The few times I've read this verb حمد used with humans was in the context of thanking/praising someone _for_ something; something like حمد له حُسن صنيعه he praised/thanked his good deed. Usually -if not always- with the preposition لـ .


----------



## moura

Just for a complementary information, I came back to this question, as I had also put this same doubt to the Embassy of Cairo in Portugal.
This is their answer (in Portuguese, that I translate next to English): 
_"...o nome egiipcio que refere ee normalmente mencionado em documentos portugueses como Mamdouh, para _
_respeitar a aspiraccaao final forte." _
_"..._the_ Egyptian name you refer is normally referred in Portuguese documents as Mamdouh in order to observe the strong aspiration at the end" _


----------



## Outsider

moura said:


> Hi,
> I am translating an English novel, whose scenarium is Cairo. In it there is a native person who is called (in English) by Mamdooh. I don't know if this name is a translation of an original arabic name to English or whether it is a native name.
> Could you help about this, please?


Moura, that's obviously a transliteration into English, since Arabic is written with a different script than English.
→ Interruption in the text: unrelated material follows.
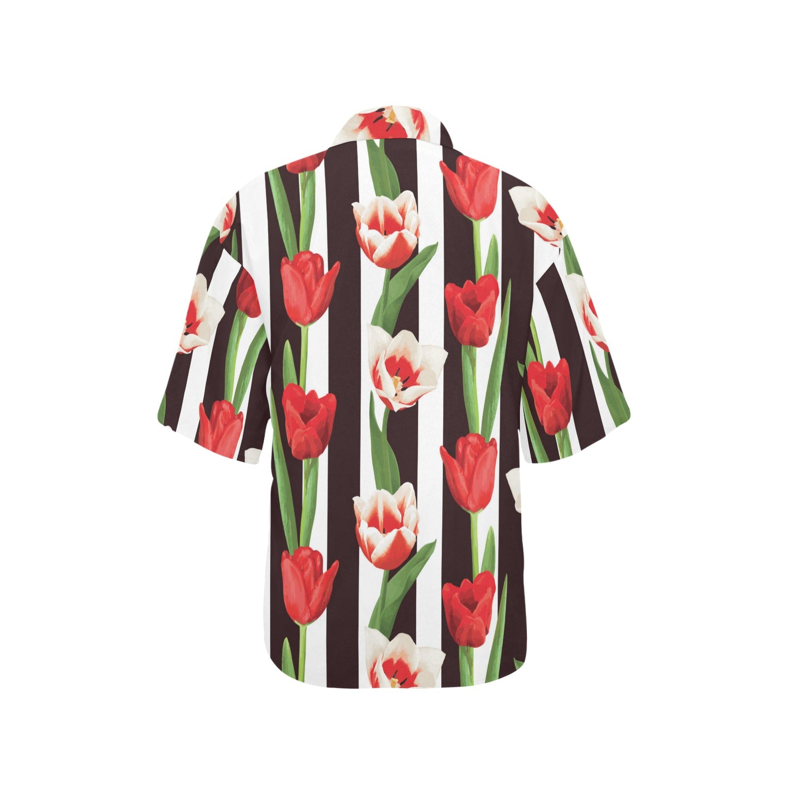 red and white tulips pattern Women's All Over Print Hawaiian Shirt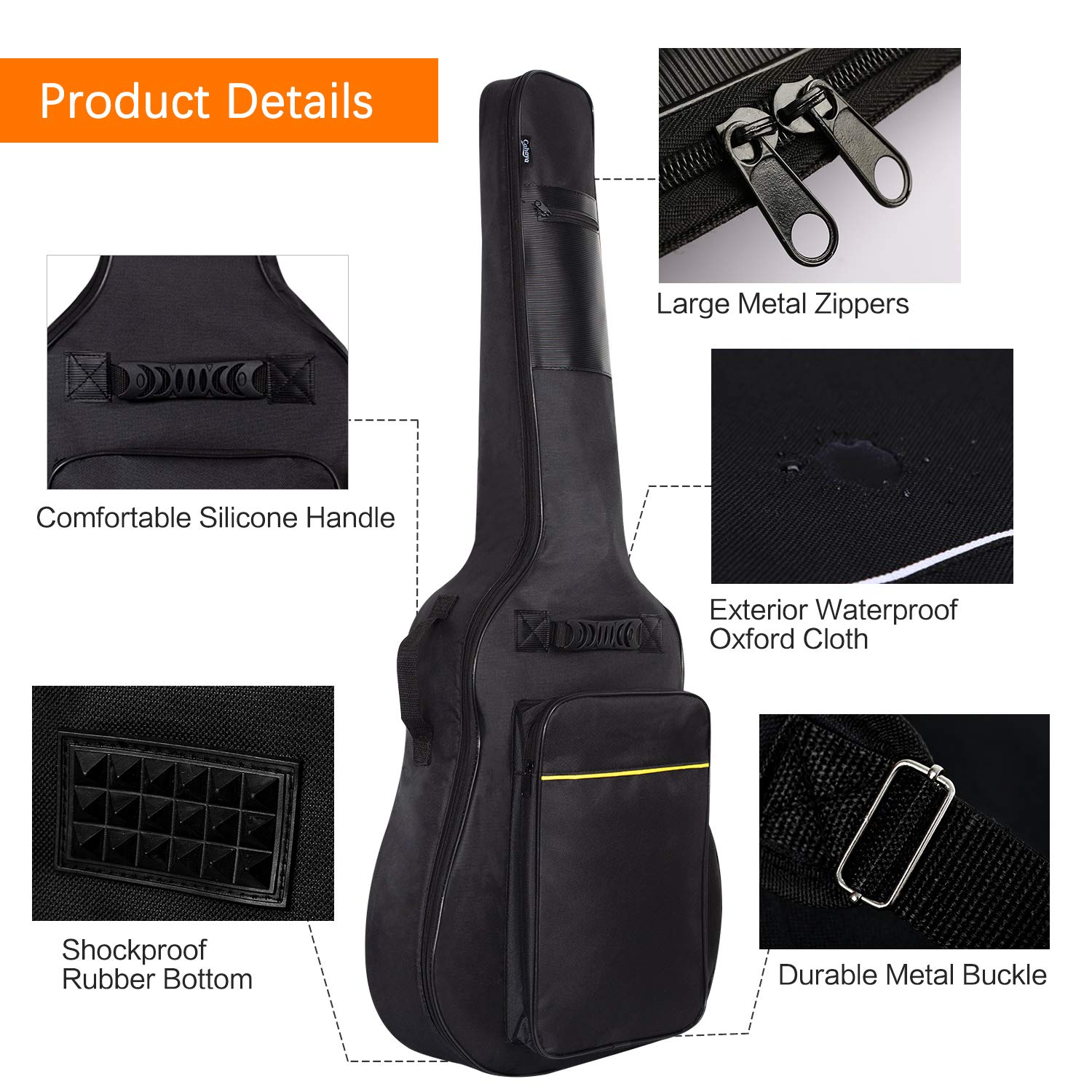 Here is an awesome hashtag#guitarbag for myself guitar. It is convenient for you to put on your back or carry with silicon handle by the side. Inside is well padded with thick sponge around the thickness of 5 quarters and high quality lining.

I suppose your dilemma is: should you keep the English transliteration (which may not be the best for Portuguese speakers), or adapt it?

It's a tough question. When translating a novel, I think one should generally be conservative, keeping transliterations close to the original. Even if they are not very adequate for Portuguese, at least this way it's easy to read commentaries about the novel in other languages without losing track of the names of the characters.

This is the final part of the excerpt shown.